また、グループをリードしていく人材の重要性についても強調した。
「最適な人材が力を発揮できるよう、徹底した成果主義の文化が定着しなければならない」
「多様性は私たちの競争力であり、挑戦するエネルギーの源泉になるだろう」
「ブランド、デザイン、情報技術(IT)などに投資せず、短期的な成果だけを出すことは無意味だ」
◇「挑戦できる文化づくり」
最高の人材が働きたがる「グローバル一流企業」への変化と革新――CJグループのソン・ギョンシク(孫京植)会長が求めたのは、このキーワードだ。

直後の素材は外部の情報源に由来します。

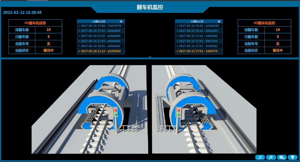 缩进从输煤程控系统等系统采集数据,基于堆煤、取煤数据,动态显示当前煤场设备状态图,用于掺配执行监视,与掺配系统结合应用。通过监视画面或模拟图形可以浏览斗轮机在特定时间内的运行轨迹及路径。与翻车机通过接口对接,读取翻车机运行状态,并记录当前翻车的车号、已翻车数、翻车时间等信息,对翻车机进行实时监控,形成火车入场卸车信息。
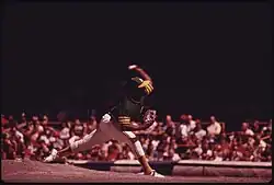 Blue had a 24–8 record in 1971, an AL leading 1.82 ERA and eight shutouts, and struck out 301 batters, winning both the Cy Young Award and American League Most Valuable Player Award.[14][15][16][17] He also led the American League in complete games (24), shutouts (8), and earned run average (1.82).[18] That season, the Athletics won the American League West title for the franchise's first postseason berth since the Philadelphia Athletics in the 1931 World Series. He got off to a terrific start, going 10–1 when he linked up with Boston's Sonny Siebert, who was 8–0, in a dramatic May matchup in Boston. The game was won by Siebert and the Red Sox 4–3, and remains what is considered one of the most dramatic games in Fenway Park history.[19] He was the youngest American League player to win the MVP Award in the 20th century.[20] He was the starting pitcher for the American League in the 1971 All-Star Game. In 1971 he became the only player ever to be a starting pitcher in the league opener (against the Washington Senators), the All-Star Game, and the playoff opener (against the Baltimore Orioles) in the same season. In 1971, Blue was on the covers of Sports Illustrated and Time magazine.[21][22] In 1972, his success in baseball led Blue to a small role in the film Black Gunn, starring Jim Brown.[23]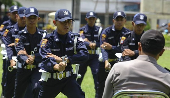 Pelatihan anggota Satpam oleh Polri [sumber gambar]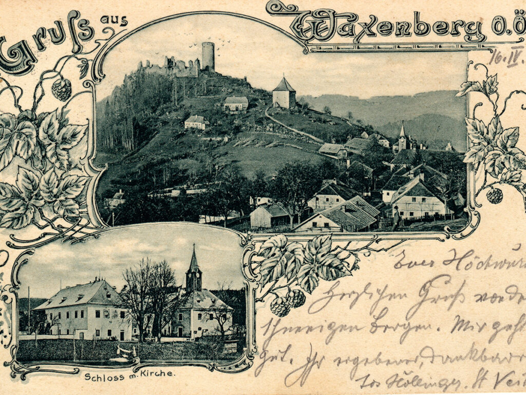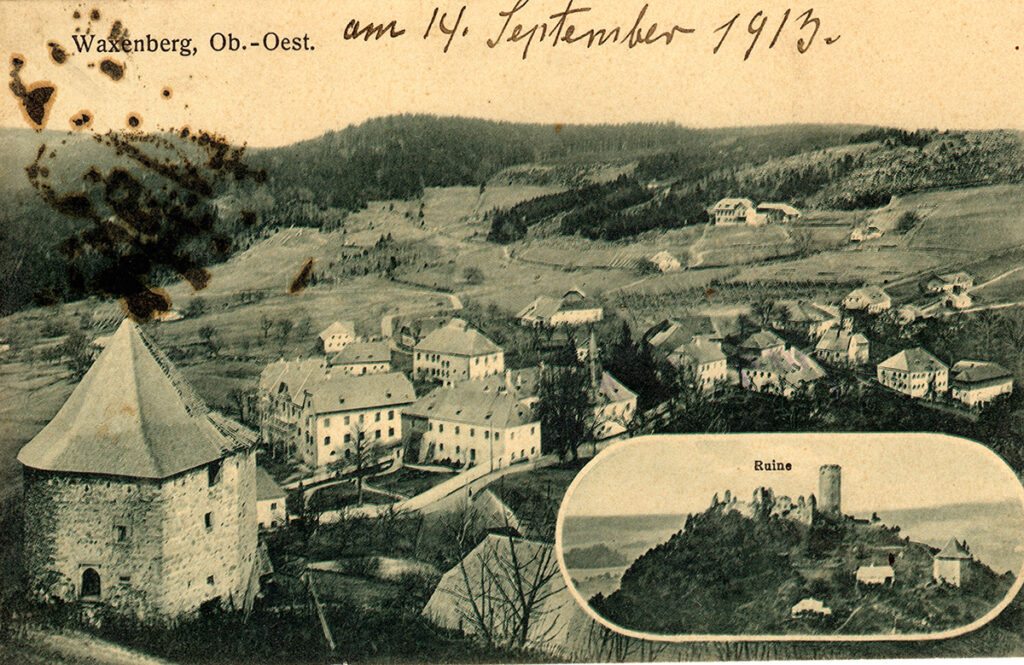 Die älteste in Waxenberg abgestempelte Karte stammt aus dem Jahr 1898 und ist eine sogenannte „Gruß-aus-Karte“. In der Pfarrchronik wird berichtet, dass am 1. Oktober 1888 im Haus Waxenberg Nr. 34 – das damals dem Fürsten Starhemberg gehörte – eine Postexpedition eingerichtet wurde. Diese unterhielt einen täglichen Botendienst von St. Veit über Waxenberg und Oberneukirchen nach Zwettl an der Rodl.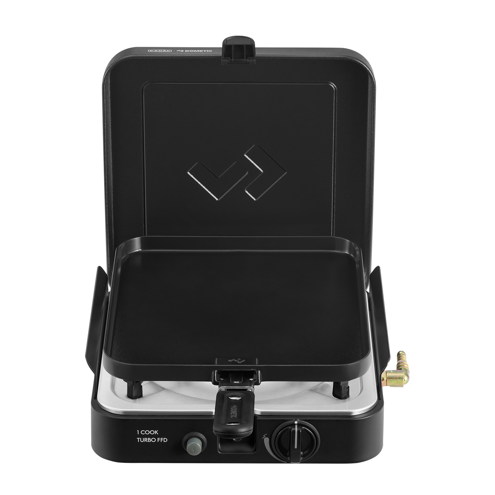 Der Cadac 1-Cook Turbo FFD mit glatter Grillplatte ist mit einem 2,2 kW Turbo Brenner ausgestattet, der tief im Gerät verbaut und so weniger empfindlich gegenüber Wind ist. Das führt zu einer stärkeren Wärmeabgabe, was die Kochzeit und den Gasverbrauch wesentlich reduzieren kann. Als zusätzlicher Schutz vor Wind dienen die beiden seitlichen, abnehmbaren Windbleche.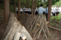 小学校での椎茸ほだ木の本伏せ2007 2007年6月21日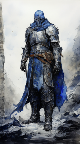 dark fantasy, concept art, watercolor and pen and ink, cleric in chainmail armor, blue tabard, dark battlefield background, detailed --ar 9:16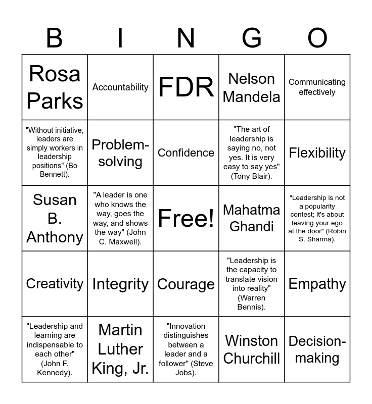 This bingo card has a free space and 24 words: Integrity, Martin Luther King, Jr., Confidence, "Leadership and learning are indispensable to each other" (John F. Kennedy)., Communicating effectively, Rosa Parks, "Without initiative, leaders are simply workers in leadership positions" (Bo Bennett)., Accountability, Mahatma Ghandi, Courage, "The art of leadership is saying no, not yes. It is very easy to say yes" (Tony Blair)., Susan B. Anthony, "Leadership is the capacity to translate vision into reality" (Warren Bennis)., Empathy, Problem-solving, Winston Churchill, "Leadership is not a popularity contest; it's about leaving your ego at the door" (Robin S. Sharma)., FDR, Flexibility, "A leader is one who knows the way, goes the way, and shows the way" (John C. Maxwell)., Decision-making, Creativity, Nelson Mandela and "Innovation distinguishes between a leader and a follower" (Steve Jobs)..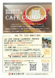| イベント名 | 東北文教大学 認知症カフェ「café comfort」12月開催のご案内 |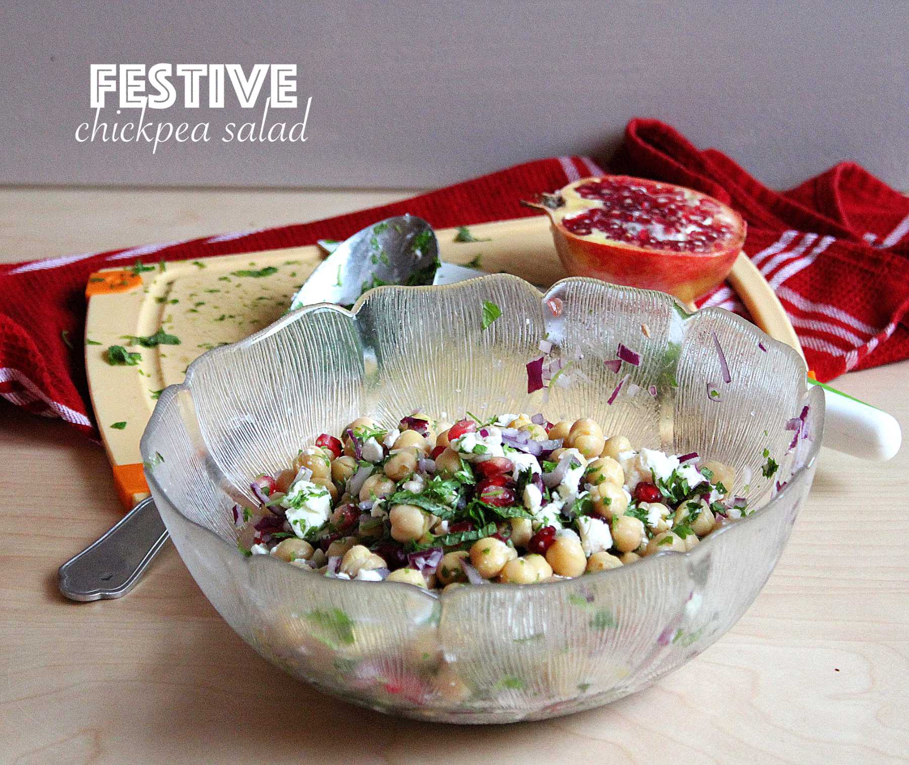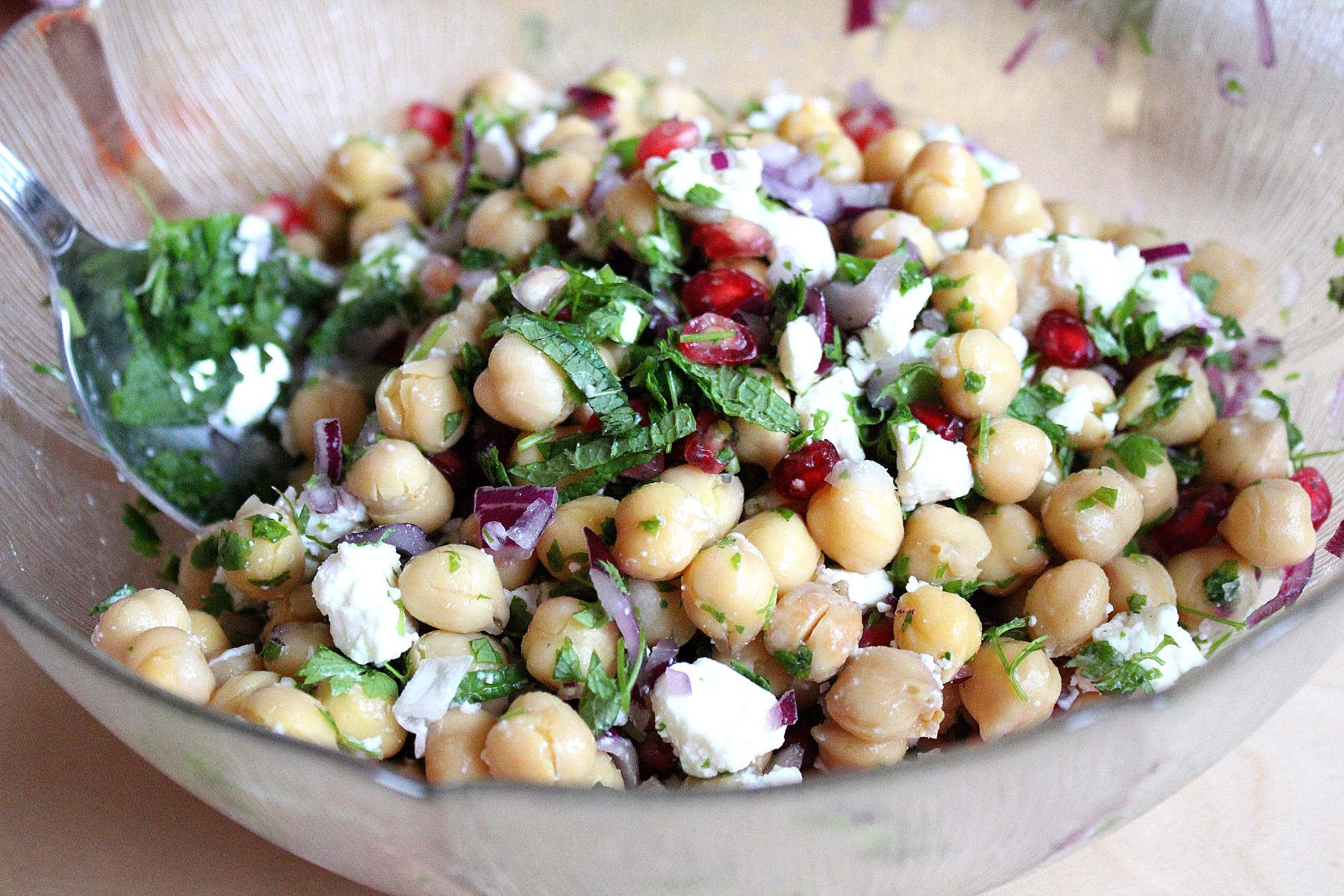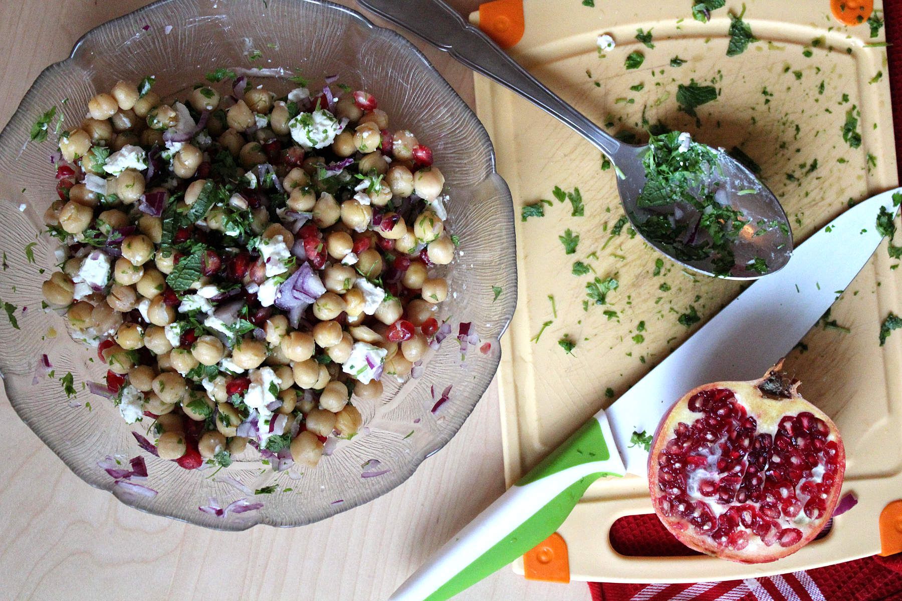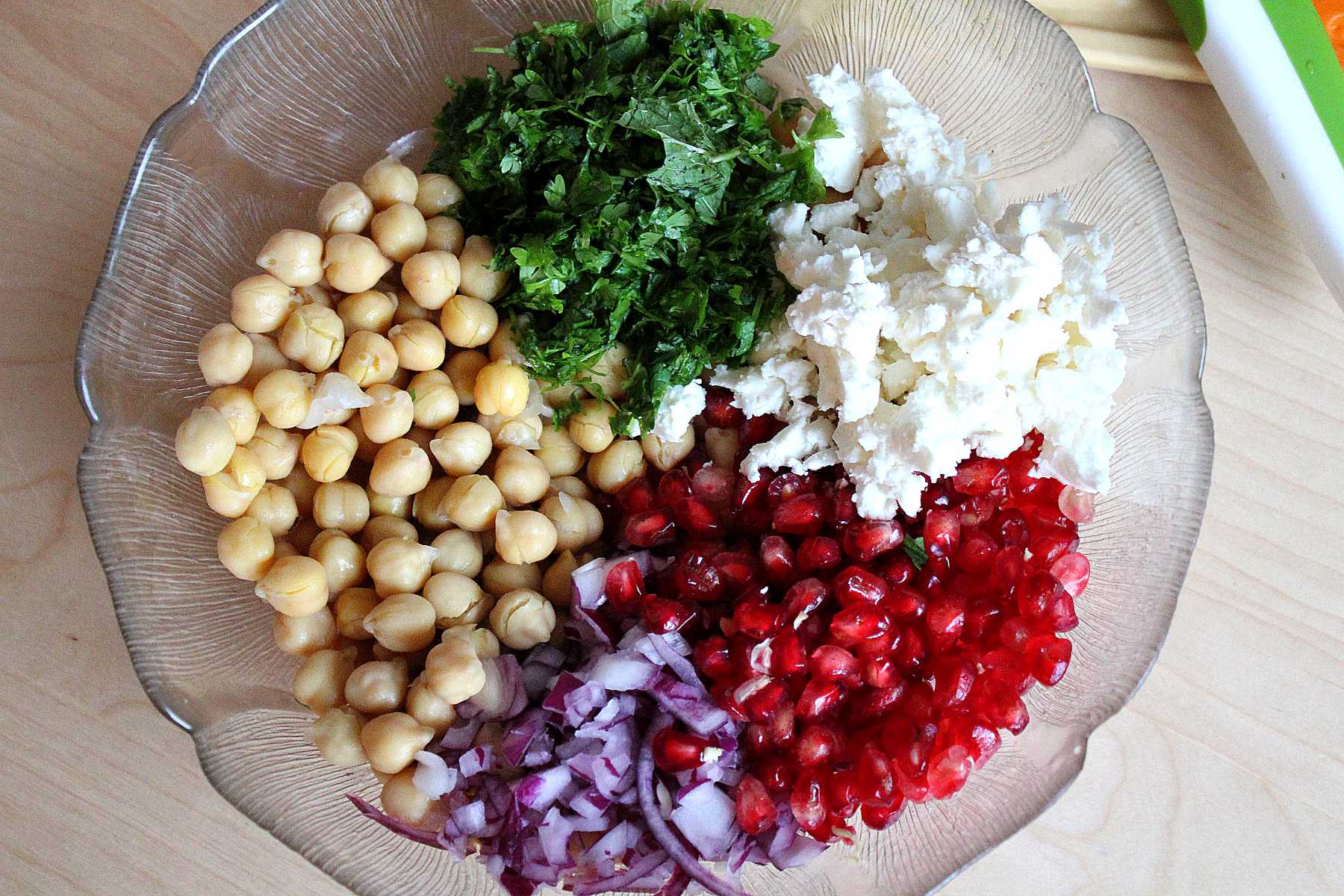 Chop your onion and herbs finely. Add in a large bowl the rinsed chickpeas, onion, herbs, crumbled feta cheese and pomegranate seeds. Mix.

「年功序列を打破したさまざまな機会と、公正な競争を保障する」
「卓越した成果に破格の報償を与えるのが、組職文化の革新」
「CJは世界の人々の新しい暮らしをデザインする、未来企業に飛躍しなければならない」
CJグループは最近、役員を統合する人事制度を設けた。「力と意思さえあれば、年齢や職級に関係なく、誰でもリーダーになれる。思う存分、挑戦できる文化づくりに乗り出す」。ソン会長はこう強調した。
◇急変する時代 「デジタル転換」に対応
新世界グループのチョン副会長は「第2のウォルマート」「第2のアマゾン」ではなく「第1の新世界」を目標に掲げた。これまでの「成功方程式」の踏襲から脱し、歩んだことのない道に挑戦しよう、という意味のようだ。「過去の感覚や思いだけで事業をする時代は過ぎ去った」。こう呼びかけた。
チョン副会長も、早いテンポで変化する時代に対処するための人材養成を掲げた。「内部に優れた人材を育成すると同時に、われわれにない長所を持った外部の人材と彼らの文化も積極的に取り入れ、多様性を受け入れなければならない」と強調した。
目標を達成するための、デジタル大転換時代に合った変化――を掲げる。ライバル会社の「成功方程式」ではなく、「進まなかった道」への挑戦を続けるという意志だ。
「2022年は新世界グループがデジタルに方向転換する元年。もはやオフラインも可能なオンライン会社になるための実践だけが残っている」と指摘した。つまり、オフラインの能力と資産を一つの軸とし、もう一つの軸であるデジタルに基づく未来事業を準備し、作りあげていくということだ。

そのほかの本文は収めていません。